Note: This article is hosted here for archival purposes only. It does not necessarily represent the values of the Iron Warrior or Waterloo Engineering Society in the present day.

Recently, the United States New York Council Member Lewis Fidler introduced a new bill to regulate 3-D printed guns in New York. This would make it illegal to use a 3-D printer to create any part of a gun unless the person is a licensed gunsmith. This leads to the debate on whether 3-D printing should be regulated.

The regulation of 3-D printing stifles the creative energies of people and thwarts the efforts of innovators everywhere. The main issue with 3-D printing, and the issue that concerns people who want to regulate 3-D printing, is 3-D printed guns. Even if 3-D printing was regulated to stop 3-D printing guns, there are other weapons that can be made out of household items. Things like pipe guns, pipe bombs, pipe weapons, pipes used as clubs, and just mixing bleach and ammonia. These are obviously things that no one should do, but there is not much that anyone can do to prevent it from happening. So many weapons can be made from pipes that we might just as usefully regulate the use of pipes. In fact, this article has just become pro-regulation of pipes. Pipes should be regulated; there are so many violent ways in which pipes can be used. If we do not regulate pipes, people will go around making guns out of pipes and bombs out of pipes and clubs out of pipes. Pipes are dangerous, #pipes2014.

Now that this new media has been invented, artists and inventors have a new dimension to use to create and make their ideas and dreams a reality. By regulating and preventing certain usages of the 3-D printing, we only end up prevent amazing new ideas from appear. When the photocopier was invented, people thought that would be the end of the publishing industry, as people could just photocopy whatever they wanted. This also happened with tape recorders (you young’uns, ask your parents) and downloading things from the Internet (you parents, ask your young’uns).

The cost of buying a 3-D printer alone, just to print a gun, would range from $1500 to $8000. After being able to buy a 3-D printer, one would need to find a plastic that could withstand the forces when the gun is fired. Finding the appropriate  materials would be difficult, and the material would cost even more. With all the costs associated with using a 3-D printer to print a gun, it would be more economically sound to simple buy one illegally. So, if you get anything from this article, please remember, buy your guns illegally, do not print them. Do not ruin the 3-D printing experience for everyone else.
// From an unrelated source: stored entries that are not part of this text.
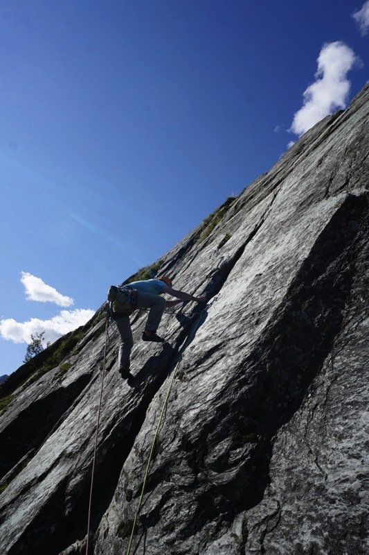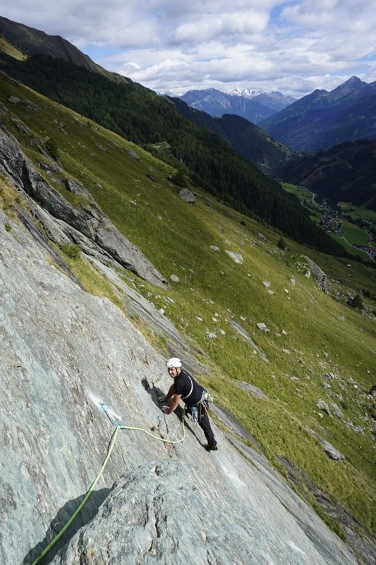 Sehr schöne Platten- und Wandkletterei auf bombenfesten, ausgewaschenen Grünschieferplatten. Durch die sonnseitige Lage kann bis sehr spät im Jahr bzw. früh im Jahr geklettert werden. Äußerste Vorsicht soll bei Schnee (Lawinenstreifen!) bzw. Gewitterlage geboten werden.
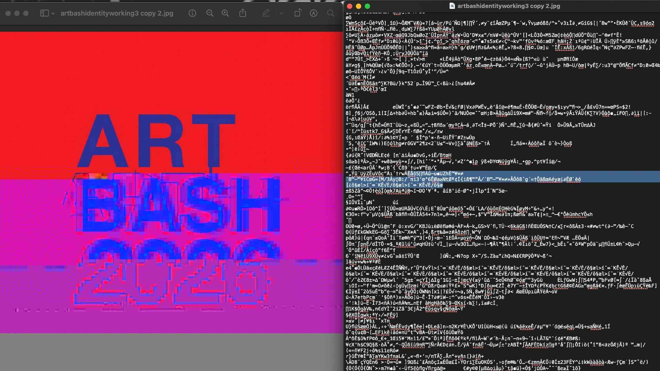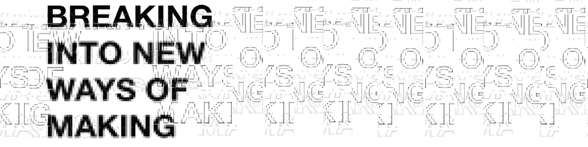 All of the glitch imagery was created by editing the source code of images of typography. I first designed bold Helvetica Neue text in Adobe Illustrator, stacked in the center of a poster-sized document. Some backgrounds are solid, others use gradients. I exported the vector type as a JPEG—the compression quality determines how extreme the glitching can become. Next, I opened the JPEG as a text file in my computer’s default text editor. When viewed this way, the image’s pixel data appears as code that tells the computer how to render it. I kept the original image open beside the text file to see changes in real time. As I altered and saved the text, the image shifted accordingly. The edits compound, allowing me to push the distortion further and reveal unexpected colors and shapes.
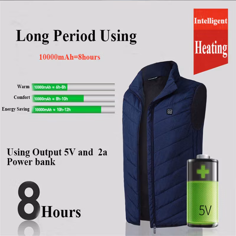 ✅ Långvarig användning - En 10 000mAh powerbank kan ge upp till 10 timmars värme i genomsnitt (varaktigheten beror på typen av powerbank); powerbanks ingår inte i vår värmeväst.
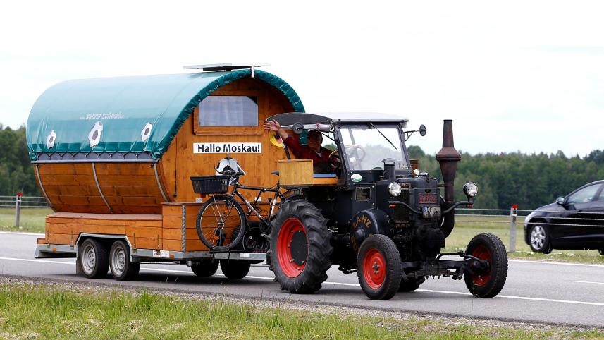 German Fan Driving Tractor to World Cup in Russia
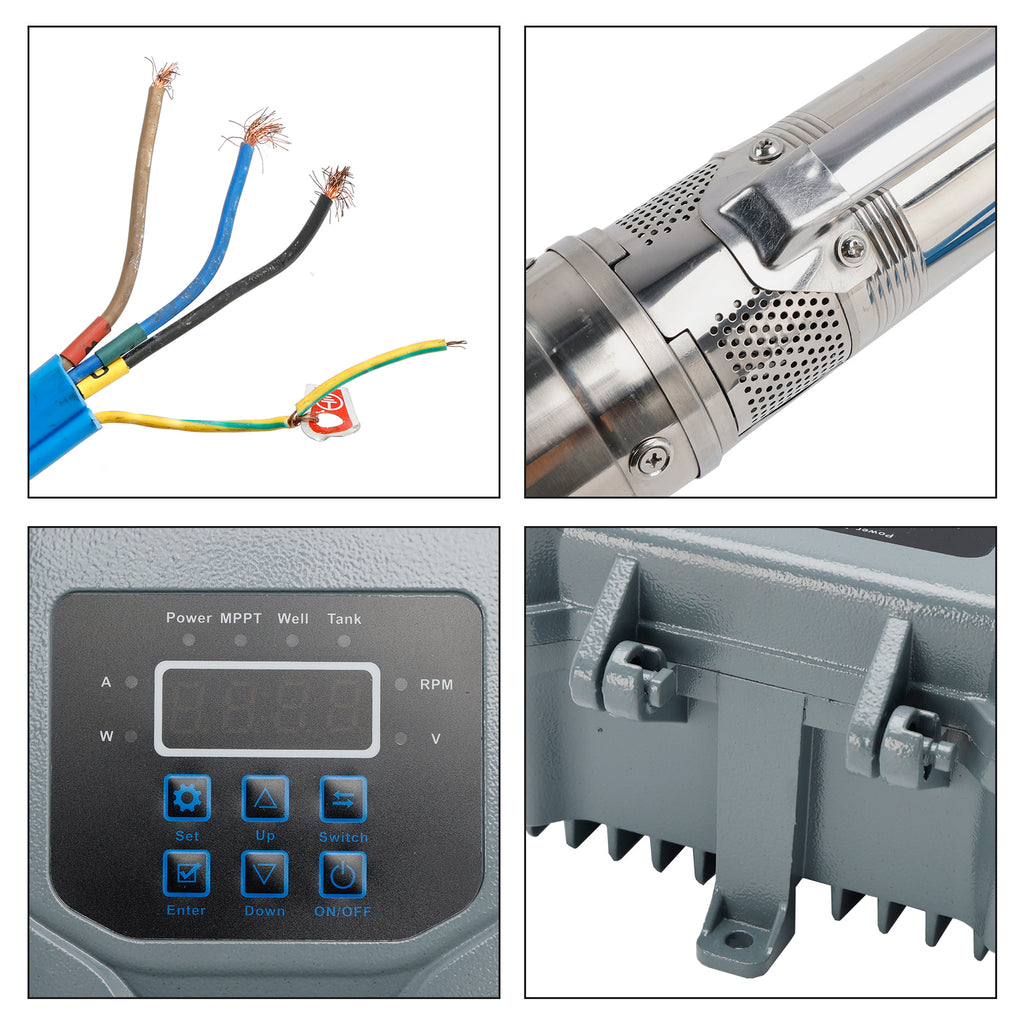 【Specification】: Solar Water Pump 48V DC,3 Inch Dia,6.7ft pure copper cable, Max head60M/197ft,5.5m³/h 1452 GPH Flow, PV open circuit voltage 42-100V with MPPT controller for farm, Garden, home, pool, Industrial

People are also afraid of copyright violations: pirates creating things that are used by large companies such as McDonalds or Beats Headphones. Imagine if you could print your own Beats headphones- well, you can’t, because anything you print would have better sound quality than Beats. Anything that is copyright can be faked; to regulate 3D printing would just cause unnecessary trouble for people trying to create art. Copyright laws ban people from making their own Coach handbags or Nike shoes, but that does not prevent Chinese sweatshops from making fakes. Using 3-D printers to make fakes would not encourage people to make counterfeits but to print out new and original things, such as cool designs, jewelry, and statues of things that are not appropriate for Point-Counterpoints.